Records from a dataset:
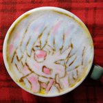 本日のラテアート、 ライヴラリの赤月ゆに様で1杯。 いつの日か活動再開するのをお待ちしてます。 #赤月ゆに #ゆにぴく #ラテアート
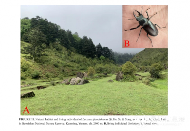 昆明信息港讯 记者段佳琪 通讯员赵昌佑 近日,云南师范大学生命科学学院杨士剑教授团队和保护区科研所工作人员在云南轿子山国家级自然保护区进行野外考察时,发现深山锹甲属一新种。经鉴定,相关成果由福建农林大学植物保护学院、福建省林业科学研究院和云南师范大学生命科学学院共同发表于2023年5月13日分类学期刊《Zootaxa》第二期上。
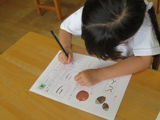 年長組では、濁音や半濁音も学んでいますよ。まず、カードに書いてある文字を、声に出して読んでみようね。
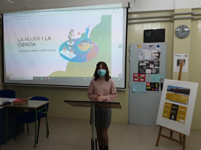 Con su trabajo, Nerea ha querido dar respuesta a por qué la presencia de las mujeres en los estudios relacionados con la tecnología es menor que la de los hombres. Ha recopilado datos, los ha analizado y, por último, ha expuesto los resultados obtenidos ante el tribunal formado por Olmar Arranz, profesora de Lengua, Cristina Mena, profesora de Biología y Juan Carlos Novo, profesor de Educación Física.
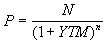 Процесс оценки стоимости бескупонной облигации заключается в определении современной величины элементарного потока платежей, по известным значениям номинала N, процентной ставки r и срока погашения n. Пусть r = YTM. С учетом принятых обозначений, формула текущей стоимости (цены) подобного обязательства примет следующий вид:
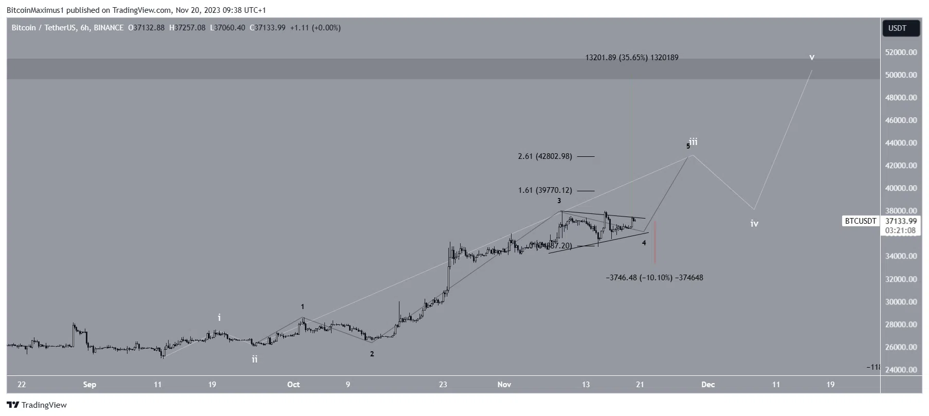 A contagem provável sugere que o BTC iniciou um movimento de cinco ondas (branco) em setembro. Nele, a onda três se estendeu.
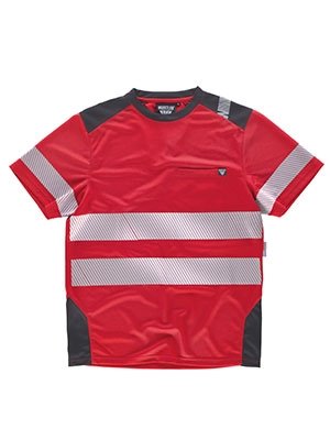 Tasca sul petto. Due bande cucite sul retro. Nastro decorativo personalizzato su una spalla. T-shirt manica corta combinata in poliestere “occhio di pernice” con bande riflettenti segmentate. Una banda termoadesiva riflettente segmentata sulle maniche e due di diverse dimensione sul petto.
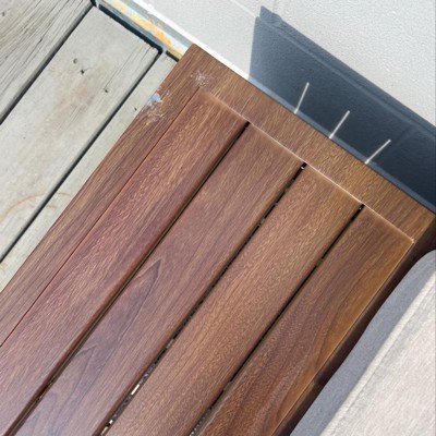 This piece has the clean, modern, and natural look I wanted! The metal tops look like wood without the hassle. Very easy to put together. My daughter and I did it in an hour or so! It's easy to move and customize in my small backyard.

What is needed
Without copying any picture, write out the entries exactly.

Written solution
 本日のラテアート、 ライヴラリの赤月ゆに様で1杯。 いつの日か活動再開するのをお待ちしてます。 #赤月ゆに #ゆにぴく #ラテアート
 昆明信息港讯 记者段佳琪 通讯员赵昌佑 近日,云南师范大学生命科学学院杨士剑教授团队和保护区科研所工作人员在云南轿子山国家级自然保护区进行野外考察时,发现深山锹甲属一新种。经鉴定,相关成果由福建农林大学植物保护学院、福建省林业科学研究院和云南师范大学生命科学学院共同发表于2023年5月13日分类学期刊《Zootaxa》第二期上。
 年長組では、濁音や半濁音も学んでいますよ。まず、カードに書いてある文字を、声に出して読んでみようね。
 Con su trabajo, Nerea ha querido dar respuesta a por qué la presencia de las mujeres en los estudios relacionados con la tecnología es menor que la de los hombres. Ha recopilado datos, los ha analizado y, por último, ha expuesto los resultados obtenidos ante el tribunal formado por Olmar Arranz, profesora de Lengua, Cristina Mena, profesora de Biología y Juan Carlos Novo, profesor de Educación Física.
 Процесс оценки стоимости бескупонной облигации заключается в определении современной величины элементарного потока платежей, по известным значениям номинала N, процентной ставки r и срока погашения n. Пусть r = YTM. С учетом принятых обозначений, формула текущей стоимости (цены) подобного обязательства примет следующий вид:
 A contagem provável sugere que o BTC iniciou um movimento de cinco ondas (branco) em setembro. Nele, a onda três se estendeu.
 Tasca sul petto. Due bande cucite sul retro. Nastro decorativo personalizzato su una spalla. T-shirt manica corta combinata in poliestere “occhio di pernice” con bande riflettenti segmentate. Una banda termoadesiva riflettente segmentata sulle maniche e due di diverse dimensione sul petto.
 This piece has the clean, modern, and natural look I wanted! The metal tops look like wood without the hassle. Very easy to put together. My daughter and I did it in an hour or so! It's easy to move and customize in my small backyard.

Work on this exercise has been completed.